Rodgers Forge is a national historic district southwest of the unincorporated Towson area and county seat of Baltimore County, Maryland, United States, just north of the Baltimore City/County line. It is mostly a residential area, with rowhouses, apartments, single-family dwellings, and a new complex of luxury townhomes. The area also has a small amount of commercial development. It is just south of Towson University. 21212 is the postal code for Rodgers Forge.

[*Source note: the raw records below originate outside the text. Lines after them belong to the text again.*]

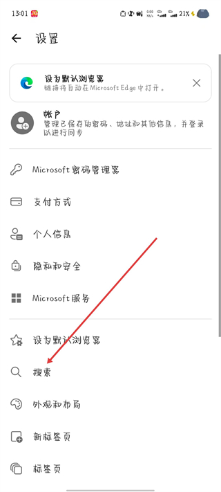 3、在設(shè)置頁面,點(diǎn)擊搜索選項(xiàng)。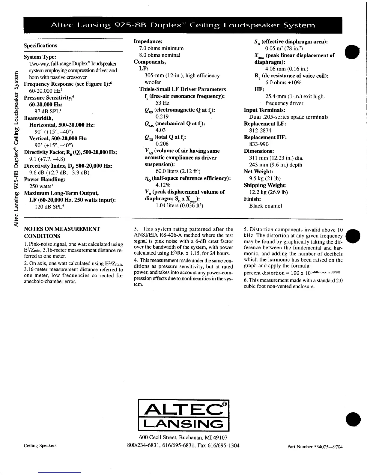 Altec Lansing 925-8B CEILING SPEAKER - Detailed Specifications; System Type and Components; Thiele-Small LF Driver Parameters; Dimensions, Weight, and Finish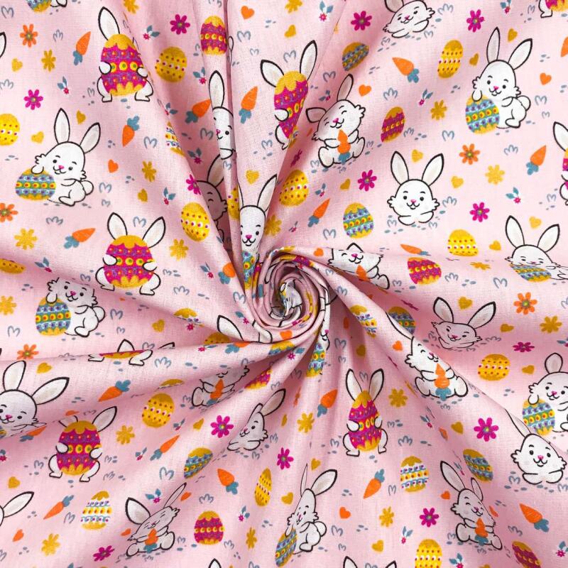 Tecido Tricoline - Páscoa Coelho Com Glitter - 100% Algodão - 1,50M Largura - Variante 2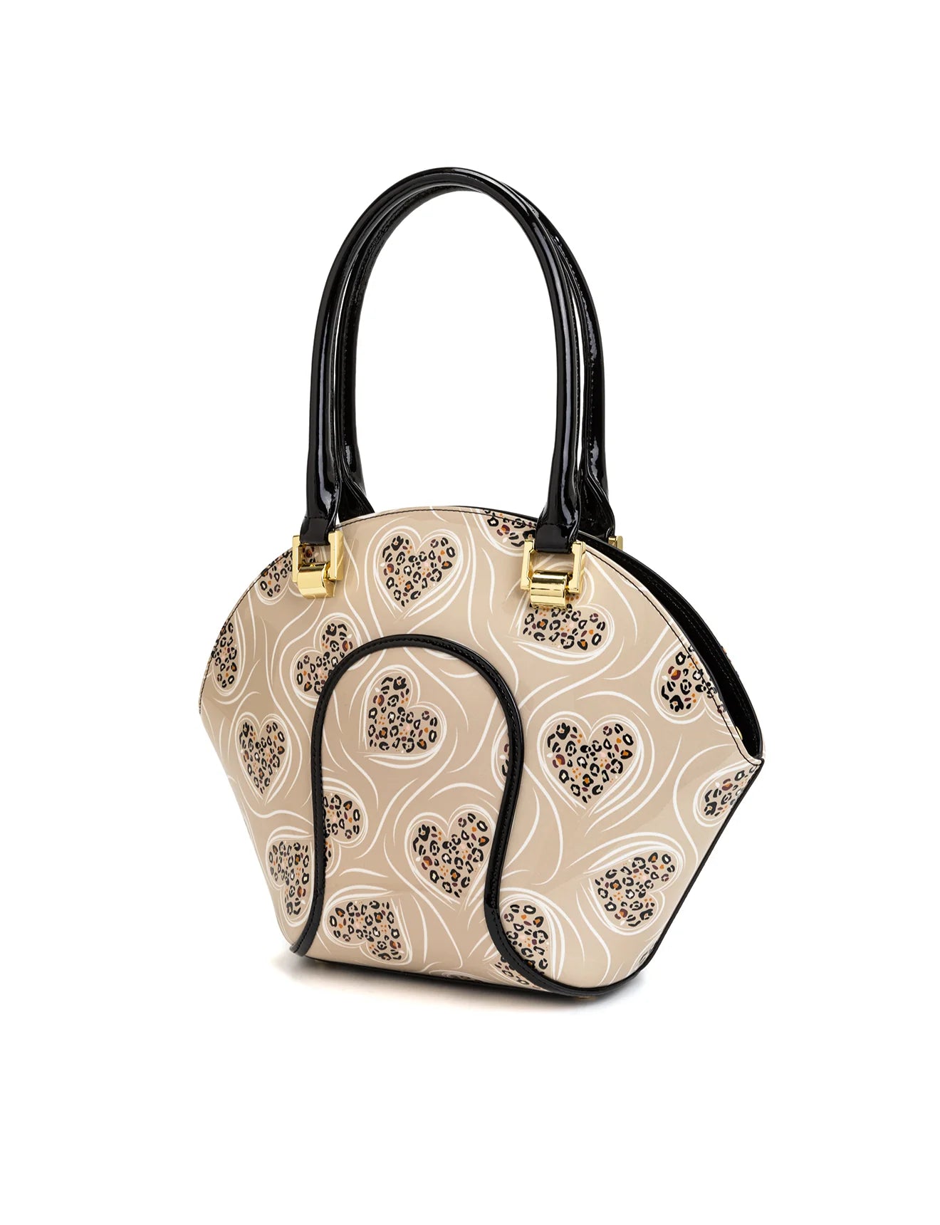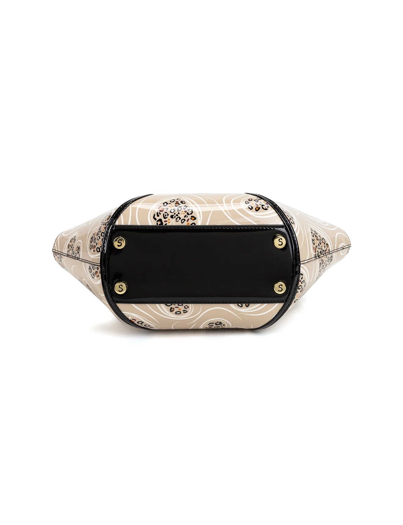 This stunning Serenade Beverly Hills Collection Aphrodite patent leather bowling bag makes a fashion statement. Crafted from premium leather, featuring one interior zippered compartment and 2 interior slip pockets ideal for your mobile phone and smaller belongings. Aurora's beautiful curved lines are sure to attract attention.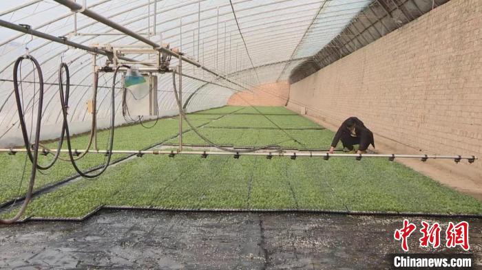 陈泓志在大棚查看蔬菜苗的透水情况。贺兰县委宣传部供图

In 2004, Rodgers Forge gained international attention as the home of Olympic swimming champion Michael Phelps. In 2013, Rodgers Forge was ranked by Baltimore Magazine as one of the top neighborhoods in Baltimore County. The magazine also named Rodgers Forge as one of the 10 "best-kept secret neighborhoods" in Baltimore metropolitan area for its "strong public schools, thriving community organizations, and easy access to shopping and entertainment in Baltimore and Towson." Rodgers Forge has also been consistently ranked as one of the safest Baltimore neighborhoods, according to the website and online database NeighborhoodScout. In 2019, Rodgers Forge became the first neighborhood group in Maryland to file to remove racist language from historic deeds.

History

Most of the Rodgers Forge community geographic area, as stated in the Rodgers Forge Community Association, Inc. by-laws, was part of Dumbarton Farm, which as late as 1837 was owned by Johns Hopkins.  This Johns Hopkins died in August 1837, while Johns Hopkins known as a benefactor to Johns Hopkins University and Johns Hopkins Hospital was 42 years of age at the time of the older Johns Hopkins' death.  There are some unfounded claims that link the Hopkins benefactor to Dumbarton Farm.  While other accounts do not specifically identify the Johns Hopkins.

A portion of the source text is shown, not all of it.